Dummy load. Ik wil zelf een stevige dummy load maken voor weinig kosten (arme student). Ik kan voor een spotprijs (0.50 euro per stuk) aan 1 kW /18 W weestanden komen (fig»). Nu dacht ik om 20 stuks parallel te maken en dat af te sluiten in een verfblik met olie. Nu heb ik gehoord dat die weerstanden als een spoel gaan werken.

Antwoord: Deze R's zijn ongeschikt want ze bestaan uit draad in een spiraalvorm dat een behoorlijke zelfinductie heeft. Weerstanden in een dummy load moeten inductievrij zijn. Kent Electronics (zie links) verkoopt goedkope 150 W weerstanden per 3 stuks (fig») die reflectievrij zijn. Door serie- parallel schakelen van aantallen kan het juiste vermogen en weerstand bereikt worden.

LINEAIRS

In- en ouput circuit. Wil het output circuit niet omdat het inputcircuit nog niet klopt?

Antwoord: Bij een HF versterker veranderen de in en uitgangsimpedantie als er aan de in of uitgang wat gewijzigd (afgestemd) wordt. Tijdens een SSB uitzending hebben zowel in als uitgangscircuit geen constante impedantie. Input circuits altijd afregelen op lage SWR met de uitgangskring op maximaal vermogen in een 50 ? dymmy load. De eindtrap sturen met een CW of FM draaggolf.

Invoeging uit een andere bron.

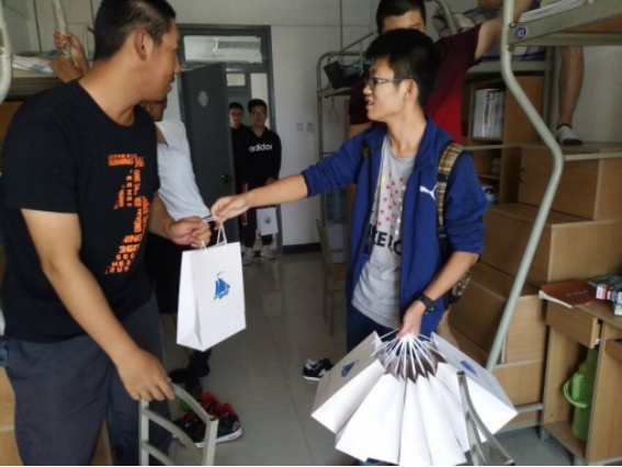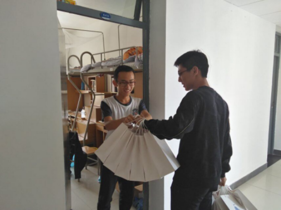 刚刚下课,学生会的负责同学就急忙前往新生宿舍,在云C宿舍一楼将礼物以班级为单位一一分好,等待18级班级负责人的到来。刚过十二点半,各班负责人就陆续前来领取本班礼物。同学们脸上洋溢着幸福的微笑,从学长和老师手中接过礼物并不停地说着感谢。对于不方便到达现场的女同学,学生会专门组织学姐将礼物送到了寝室内,并转达了学院对新生们的祝福,确保每位新生都能感受到来自学院的爱意。

Input circuit. Ik ben bezig met het ingangsfilter ("PI"filter) voor mijn eigenbouw lineair. Nu begrijp ik dat de ingangsimpedantie van buizen in GG schakeling ligt tussen de 100 & 300 ?. Ik test mijn pi filter, variabele C's en 7.1 MHz spoel, met een 20 cm coax kabeltje op een 125 ? koolweerstand en de SWR is dan al 1.5. Dat wordt nog slechter met een weerstand van 200 ?. Mijn inputcircuit is dus eigenlijk niet bruikbaar. Toch wordt het erg veel zo gedaan? Wil je hier iets over vertellen, wat redeneer ik fout?

Antwoord: de ingangsimpedantie van een buis is zelden zuiver Ohms (o.a. door de ingangscapaciteit) en nooit constant tijdens een SSB uitzending. Daarom moet afgeregeld worden met de buis in bedrijf en met maximaal bereikbare output. In mijn diverse artikelen over lineairs staat dat vermeld, zie de volgende alinea:

 

De meeste versterkers hebben een schakelaar waarmee een vast pi filter circuit per band ingeschakeld kan worden. Zo'n ingangscircuit kan men gemakkelijker afregelen met een stukje coaxkabel dat aan het einde bevestigd is aan een variabele condensator Ct. De capaciteit van de kabel wordt een deel van Cx, dus de gezochte en te monteren waarde wordt Cx = Ct + Ckabel. Start in elke band met een vaste ingangscondensator C volgens de tabel en speel dan met Lx en Cx om een zo laag mogelijke SWR te verkrijgen. Als het niet lukt om SWR = 1 te bereiken, experimenteer dan met een geringe verandering van condensator C en regel daarna Lx en Cx opnieuw af. Het moet mogelijk zijn om in het midden van iedere band SWR = 1 te verkrijgen. Elke verandering aan het uitgangsfilter in de anode veroorzaakt ook een wijziging van de SWR aan de ingang. Daarom moet men de ingangscircuits altijd afregelen met maximaal uitgangsvermogen (FM of CW) in een geschikte 50 Ω dummy load.

KLV1000. Is het mogelijk om een KLV-1000 voor 10 m om te bouwen voor HF en dan de volgende vraag, is dit volgens jou te doen en dan bedoel ik meer is dit een grote ingreep qua kosten en loont het zich dan om deze eindtrap om te gaan bouwen?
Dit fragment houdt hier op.